The graphics in Crisis Core are stunning. It's the best I've seen so far on the PSP. Some CG sequences actually look as if they have been snatched straight off the PS3. The only place where the game feels slightly repetitive is in the Missions. You run around in these empty dungeons or corridors covered in mostly gray tones. Not that impressive, but then again, the missions are just for passing time.

And when it comes to time, Crisis Core is rather short. I completed it in 22 hours, and then I guess at least 5 hours were missions. I would have loved to have stayed in Midgar for much longer. The music in Crisis Core is a mix of old and new. The classic tunes from FF VII have gotten a make-over and are the scores that you will remember the most. The original tunes are not that heartfelt and I found it hard to create new memories around them.

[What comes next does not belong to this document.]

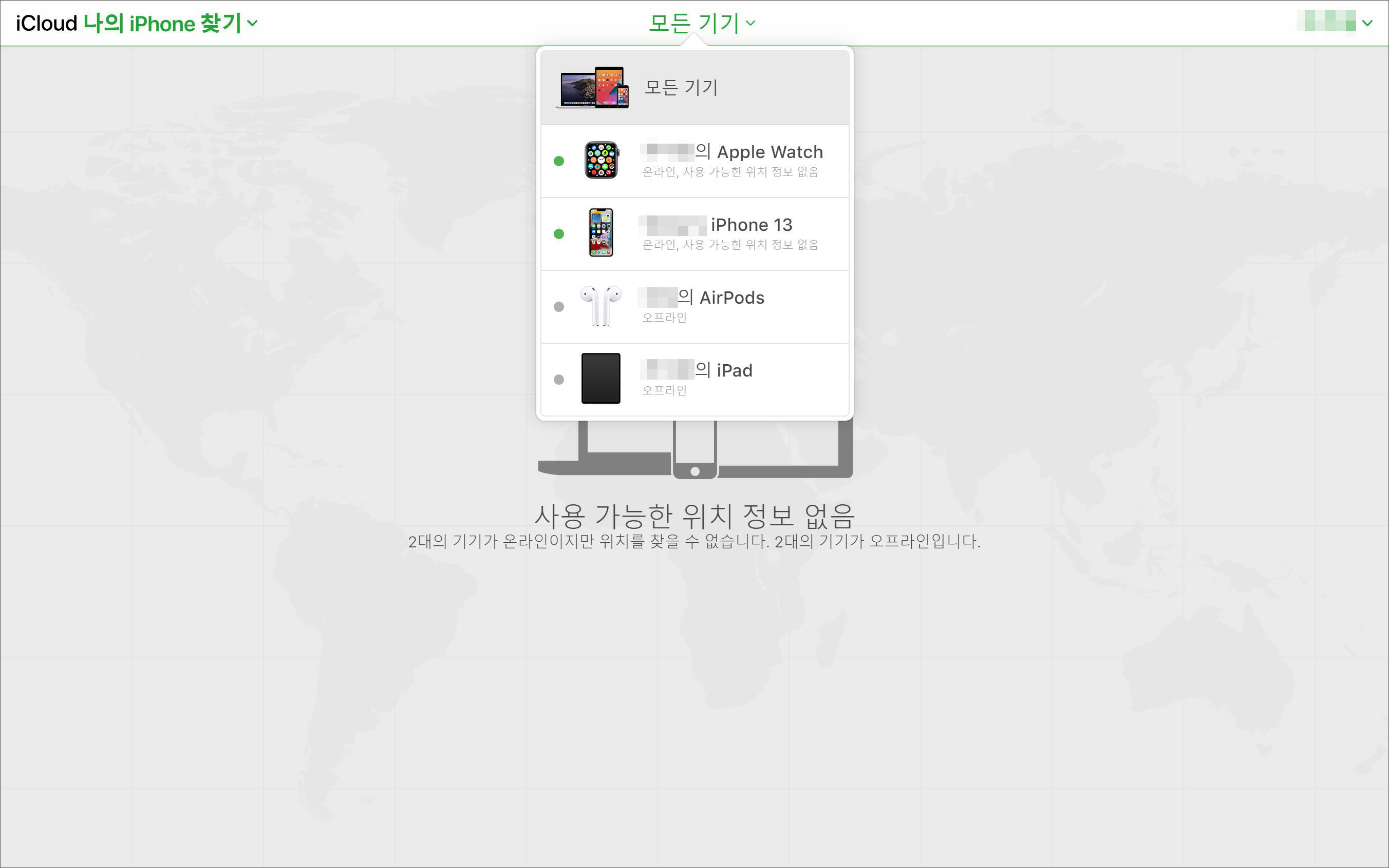 상단의 '모든 기기' 를 누르면 소유하고 있는 애플 기기들 목록이 나타납니다.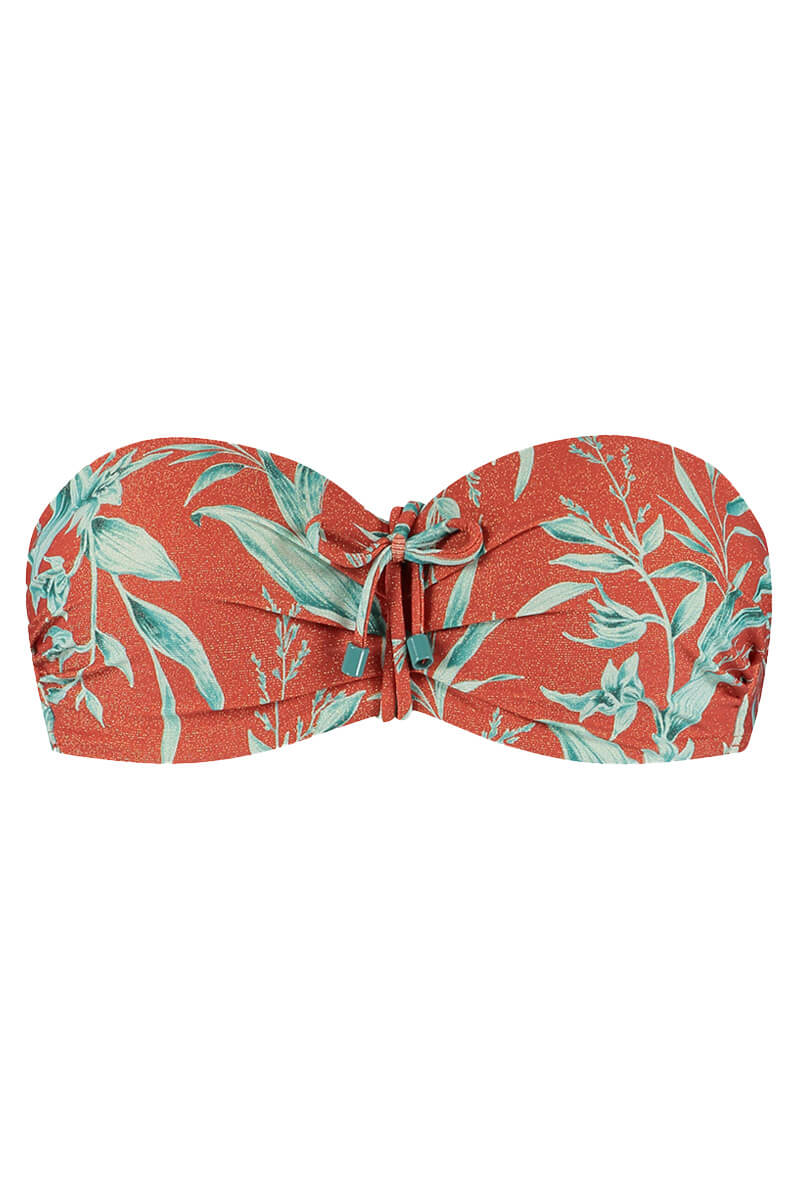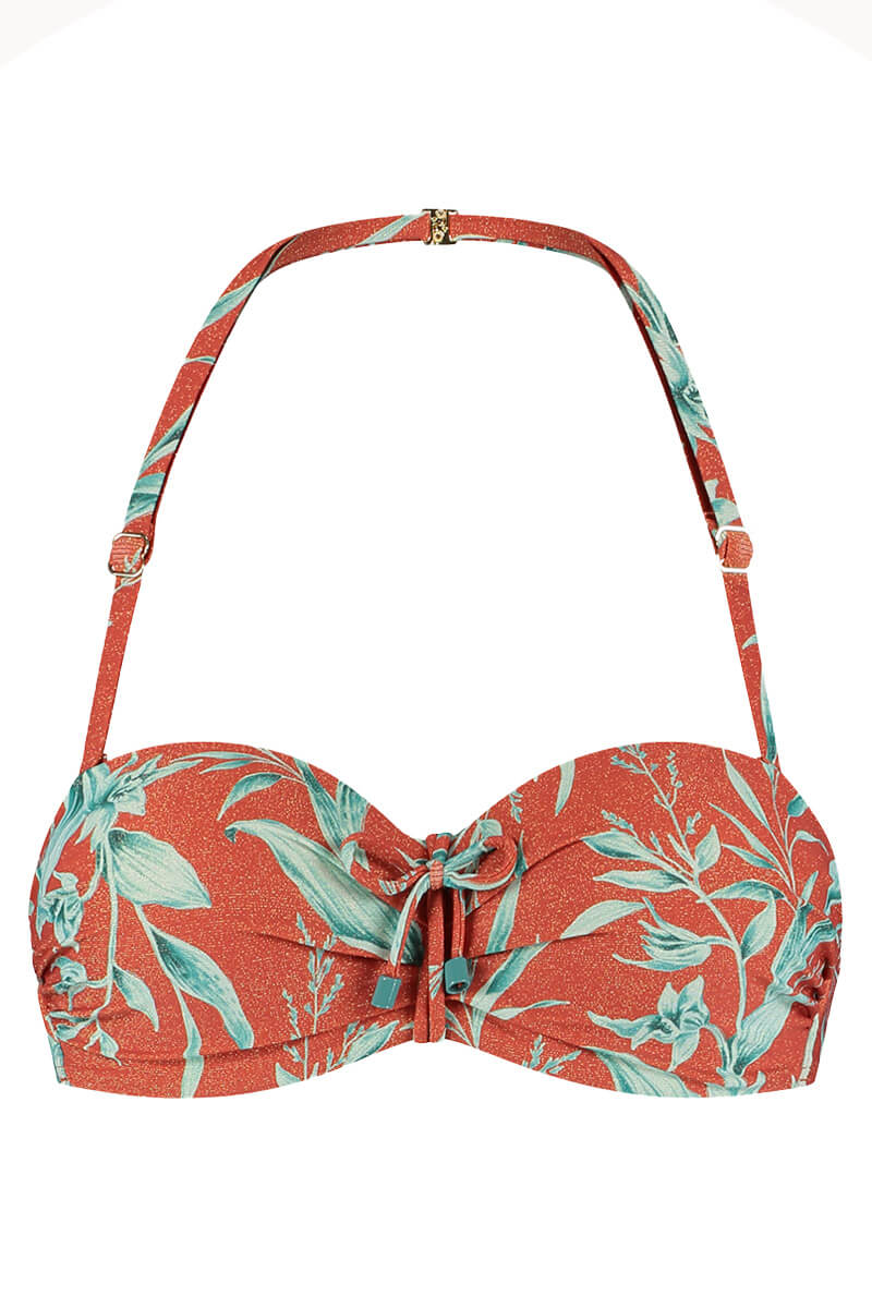 De Cyell Voorgevormde bandeau bikini top Rusty Rose is uitgevoerd in een warme roestkleur met subtiele glitter en een tropische bladprint in frisse turquoise tinten. De bikinitop is voorzien van beugels voor voldoende steun. Je borsten worden prachtig gevormd in deze bandeau bikini. Deze multiway bikinitop draag je strapless, als halter of gewoon met schouderbandjes. Leuk te combineren met een van de bijpassende slips uit de Rusty Rose serie van Cyell.

I was shocked when I stumbled upon the end of the game. I was not at all prepared and it came as such a surprise to me. If there is anyone out there, who has decided not to play this game, I can tell you that the ending alone is reason enough to pick it up. I have never felt such heartache over an ending, even though I always feel sad when a good game ends. I was depressed for days. Crisis Core is not just a game. These characters come to life, right in front of you. They laugh, they cry, they fight, the lose hope and trust, and find a new path, a new goal. The voice acting is beyond brilliant and is perfectly fitted to characters talking. For any gamer to say no to this game, would be a crime.

Crisis Core has given me a better understanding of what happened in FF VII and Zack has come to be a very big part of that world - almost bigger than Sephiroth and Cloud combined. With his charm, his charisma, his laughter, his bravery, his spirit, his beliefs, his goals, and his love, Zack and his story has completely shaken me to the core.